Longe de mim, menina, querer amedrontá-la. Muito menos semear receios em tuas benquerenças e em tuas andanças. A vida é uma aventura; e o mundo, um lugar para explorar – estás certa nesse teu corajoso jeito de pensar. Já sabes que toda aventura tem seus riscos, que todo lugar esconde alguma armadilha. Então, se quiseres, nem leves em consideração o que vou dizer. Apenas permita-me falar; ouça, não será demorado.

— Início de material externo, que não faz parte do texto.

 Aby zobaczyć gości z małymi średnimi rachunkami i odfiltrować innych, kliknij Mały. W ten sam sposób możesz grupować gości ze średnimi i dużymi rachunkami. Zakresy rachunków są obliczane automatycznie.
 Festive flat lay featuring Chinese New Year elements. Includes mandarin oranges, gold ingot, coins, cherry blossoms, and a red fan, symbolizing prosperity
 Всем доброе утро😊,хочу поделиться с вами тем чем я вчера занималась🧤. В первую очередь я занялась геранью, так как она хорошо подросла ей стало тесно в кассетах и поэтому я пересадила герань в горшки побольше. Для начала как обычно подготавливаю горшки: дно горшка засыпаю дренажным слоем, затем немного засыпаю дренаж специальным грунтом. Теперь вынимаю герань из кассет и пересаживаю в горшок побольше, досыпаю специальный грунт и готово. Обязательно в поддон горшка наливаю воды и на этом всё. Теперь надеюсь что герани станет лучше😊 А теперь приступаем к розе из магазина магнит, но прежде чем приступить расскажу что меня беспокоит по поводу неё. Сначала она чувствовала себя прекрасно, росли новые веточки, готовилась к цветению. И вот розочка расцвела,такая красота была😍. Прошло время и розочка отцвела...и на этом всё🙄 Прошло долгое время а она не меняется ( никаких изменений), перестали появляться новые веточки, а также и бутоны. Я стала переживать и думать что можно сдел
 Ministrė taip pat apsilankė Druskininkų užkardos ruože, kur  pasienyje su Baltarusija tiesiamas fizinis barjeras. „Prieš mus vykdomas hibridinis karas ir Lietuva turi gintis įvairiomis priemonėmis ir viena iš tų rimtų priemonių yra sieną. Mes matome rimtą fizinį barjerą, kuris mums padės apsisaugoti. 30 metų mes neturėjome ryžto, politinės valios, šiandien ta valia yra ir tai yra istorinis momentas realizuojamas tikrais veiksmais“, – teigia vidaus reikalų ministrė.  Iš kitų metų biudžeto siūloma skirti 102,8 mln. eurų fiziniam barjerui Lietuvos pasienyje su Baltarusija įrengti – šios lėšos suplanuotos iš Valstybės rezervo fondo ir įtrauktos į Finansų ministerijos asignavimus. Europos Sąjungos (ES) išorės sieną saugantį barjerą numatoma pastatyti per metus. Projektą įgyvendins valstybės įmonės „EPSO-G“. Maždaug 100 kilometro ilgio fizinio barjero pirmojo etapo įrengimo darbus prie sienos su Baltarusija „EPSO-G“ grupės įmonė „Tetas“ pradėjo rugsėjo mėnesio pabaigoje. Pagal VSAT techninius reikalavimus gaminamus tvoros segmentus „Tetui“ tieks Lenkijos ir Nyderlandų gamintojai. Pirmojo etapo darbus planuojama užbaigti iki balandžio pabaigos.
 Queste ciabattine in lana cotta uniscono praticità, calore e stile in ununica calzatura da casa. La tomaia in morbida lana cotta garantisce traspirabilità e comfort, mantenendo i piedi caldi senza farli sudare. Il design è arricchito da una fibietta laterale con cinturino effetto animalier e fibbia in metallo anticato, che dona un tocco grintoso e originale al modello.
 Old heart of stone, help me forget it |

Esse teu inseparável companheiro, com quem andas para cima e para baixo, de dia e de noite, chova ou faça sol, esteja frio ou calor, menina, não o conheces, apesar de toda intimidade que tens com ele. E não digo que eu tudo saiba a respeito dele, mas certamente sei mais que tu, pois o tenho observado com atenção desde que me conheço por gente. Não quero usar essa vantagem (que talvez seja, na verdade, uma desvantagem) para tentar influenciar tua vida ou interferir em teus relacionamentos. Não, assim proceder é incorreto, injusto, feio. Longe de mim.

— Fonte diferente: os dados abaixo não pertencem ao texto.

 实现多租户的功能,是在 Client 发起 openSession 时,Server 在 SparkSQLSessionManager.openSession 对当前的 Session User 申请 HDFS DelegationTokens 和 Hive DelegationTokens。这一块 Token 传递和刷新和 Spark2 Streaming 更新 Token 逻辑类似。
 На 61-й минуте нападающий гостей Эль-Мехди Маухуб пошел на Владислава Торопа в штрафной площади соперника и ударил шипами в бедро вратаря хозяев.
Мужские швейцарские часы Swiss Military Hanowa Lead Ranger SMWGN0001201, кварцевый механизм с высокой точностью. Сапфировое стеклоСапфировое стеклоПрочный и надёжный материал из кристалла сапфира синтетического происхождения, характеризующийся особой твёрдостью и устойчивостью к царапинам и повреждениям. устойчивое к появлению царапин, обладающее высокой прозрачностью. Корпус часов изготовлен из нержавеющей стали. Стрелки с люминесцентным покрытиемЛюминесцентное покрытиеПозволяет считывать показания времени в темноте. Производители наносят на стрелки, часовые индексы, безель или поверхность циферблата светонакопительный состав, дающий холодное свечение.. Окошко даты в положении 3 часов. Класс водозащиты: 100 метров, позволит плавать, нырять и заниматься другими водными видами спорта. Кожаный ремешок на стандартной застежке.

Quero apenas que saibas que este com quem dormes, comes, bebes, compartilhas, enfim, toda a tua vida, é, de fato, muito perigoso. Já que não poderás se livrar dele, e sei que nem queres separar-te, tens que saber disso, pois do contrário sofrerás demais, à toa.

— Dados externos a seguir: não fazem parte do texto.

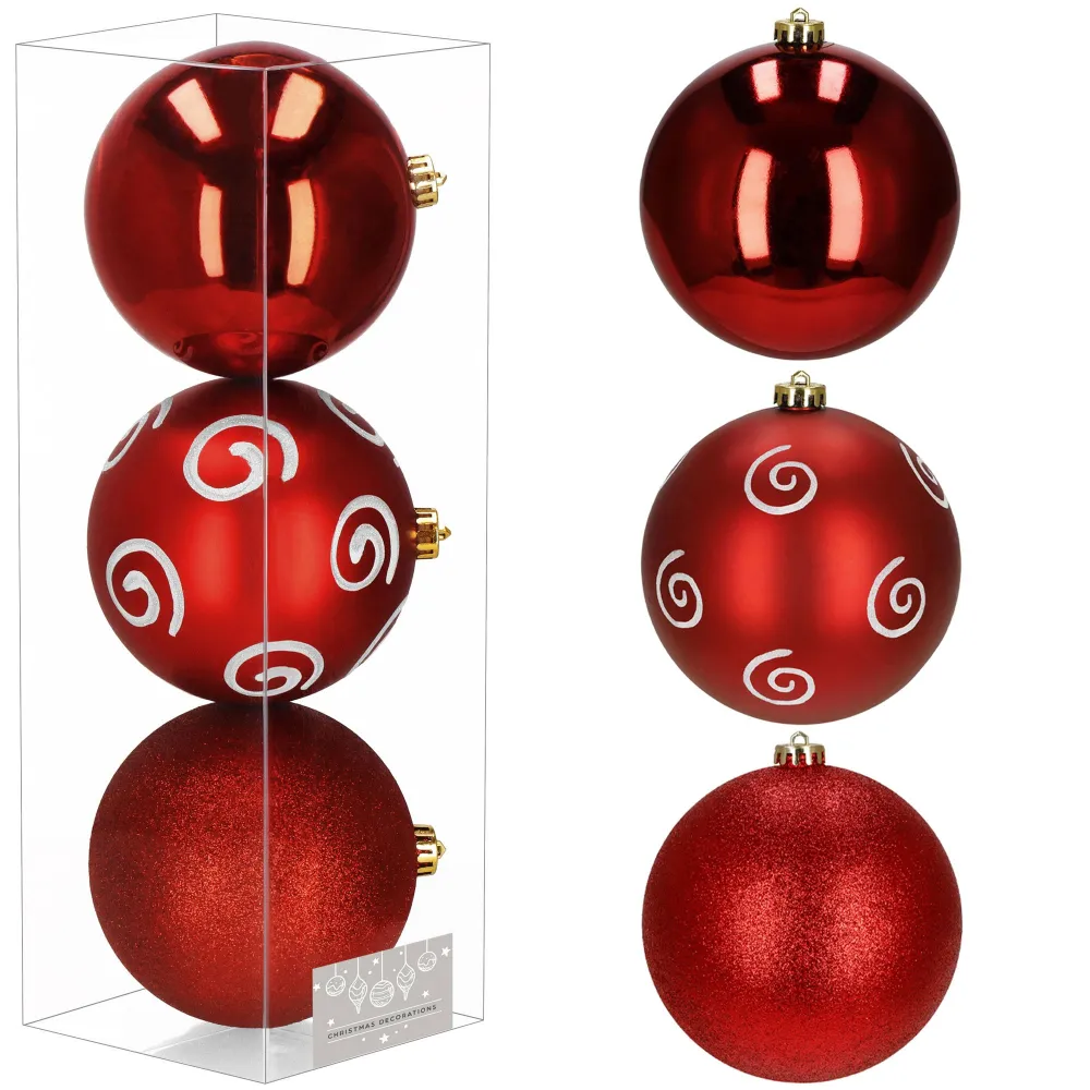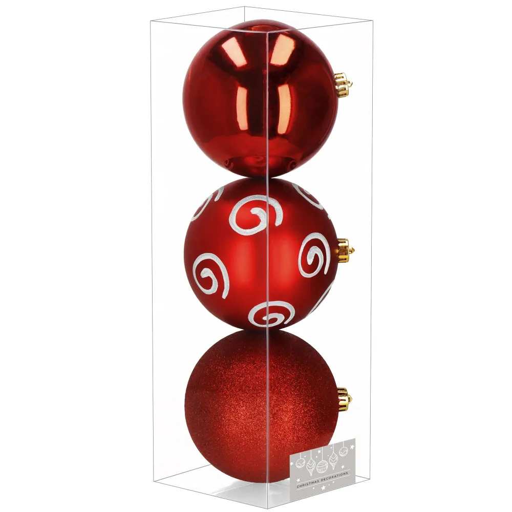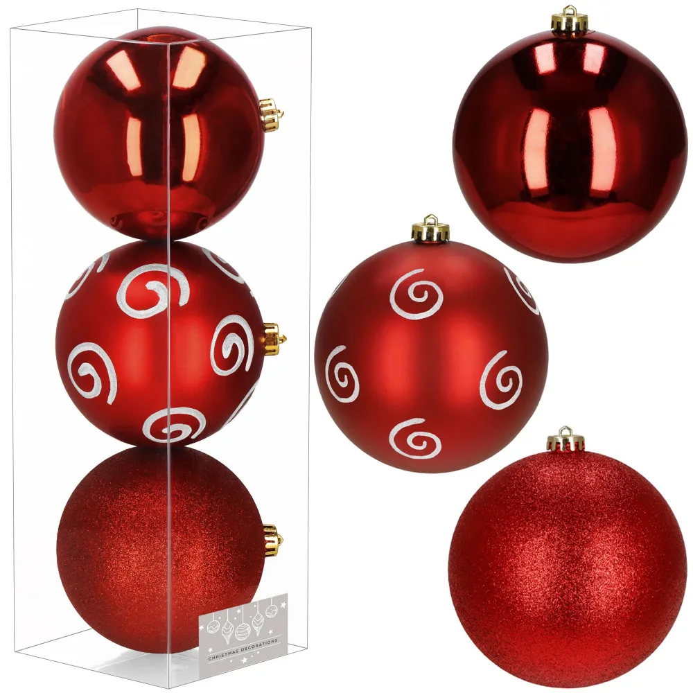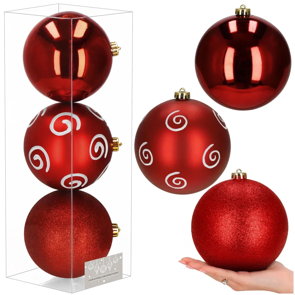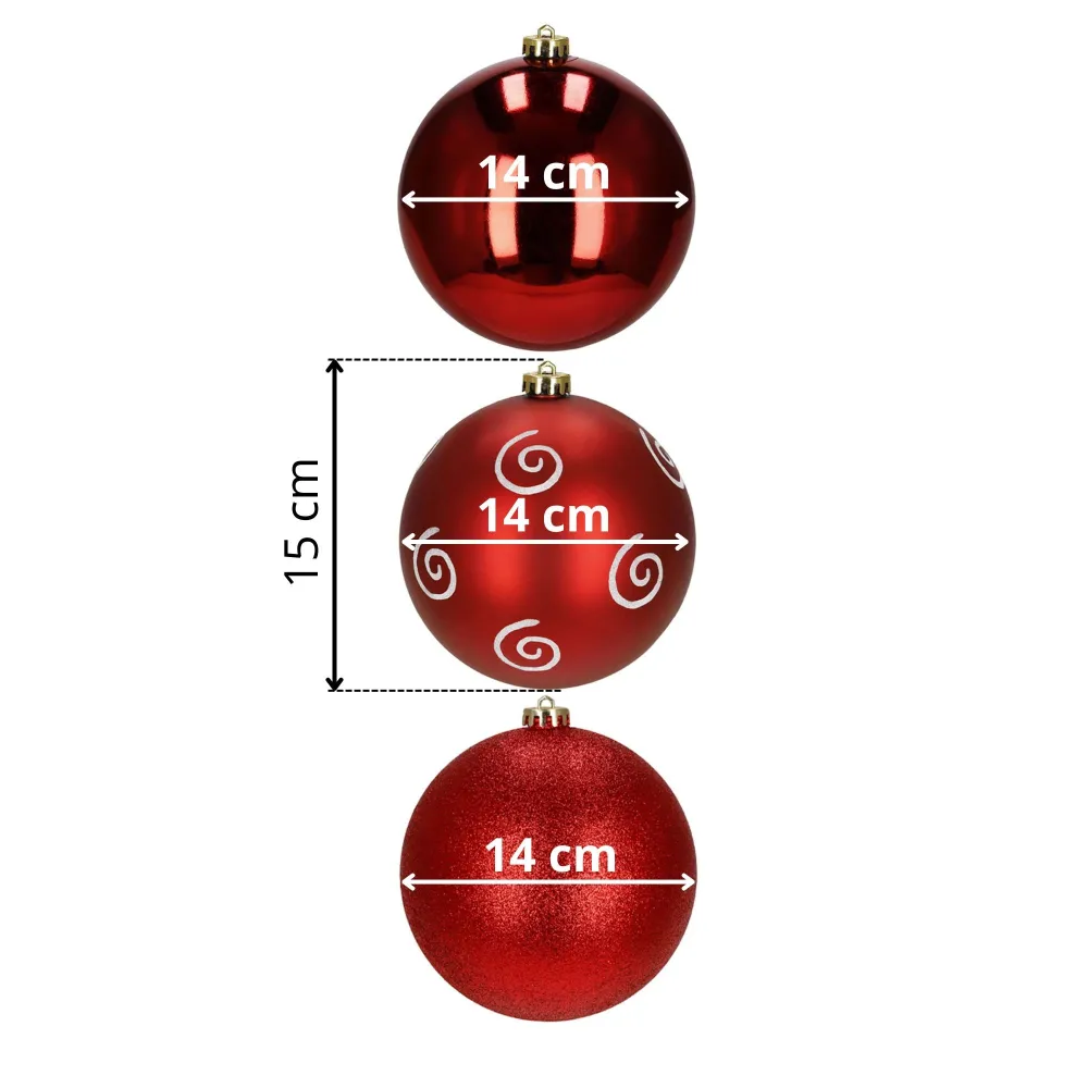 Súprava troch červených vianočných gulí s priemerom 15 cm v lesklom, matnom a trblietavom prevedení dodá vášmu domovu sviatočnú atmosféru. Sú ideálne ako ozdoby na stromček alebo dekorácie do interiéru aj exteriéru. Vďaka pútku sa ľahko zavesujú a nerozbitný plastový materiál zaručuje bezpečné použitie v každom prostredí.

Ele é perigoso, repito, além de traiçoeiro, muitas vezes. Sou testemunha de que já estragou a vida de outras pessoas. E mata, mata sem piedade, sem arrependimento. Faz isso e segue em frente, sem olhar para trás. E ninguém é capaz de detê-lo.

É verdade que esse a quem não escapa nem uma sílaba do teu falar ou um curto lapso de teu pensar e, portanto, te parece tão íntimo e acolhedor, fazendo-te desejá-lo acima de qualquer coisa, também é capaz de bondades e belezas de que tanto tu como eu podemos dar testemunho. Além disso, ele sabe consolar como ninguém. E, como juiz, não há quem o iguale em capacidade para bem sentenciar.

Tomes cuidado, menina, com o Tempo: nem eu, que o conheço faz meia dúzia de décadas, posso dizer que sou capaz de prever seu humor e seus movimentos e de lidar com ele sem surpresas, sobressaltos e reveses. Não vás, porém, tomar essa advertência como uma mosca na tua sopa. Saboreies tudo que o Tempo te oferece, seja doce, salgado, amargo, azedo, quente, frio, bonito, feio, leve, pesado... Quando ele te abandonar – e ele certamente vai abandonar-te um dia desses (eu o conheço bem quanto a esse defeito) – nem de saudade poderás mais desfrutar: será o fim, o definitivo fim.

Vá, menina, viver! Abraça e beija o teu Tempo com toda intensidade de que fores capaz. Ele agora está para ti, mesmo estando também para os outros, sem nunca pertencer a ninguém. Pega, menina, o teu quinhão! Não permitas que o roubem de ti.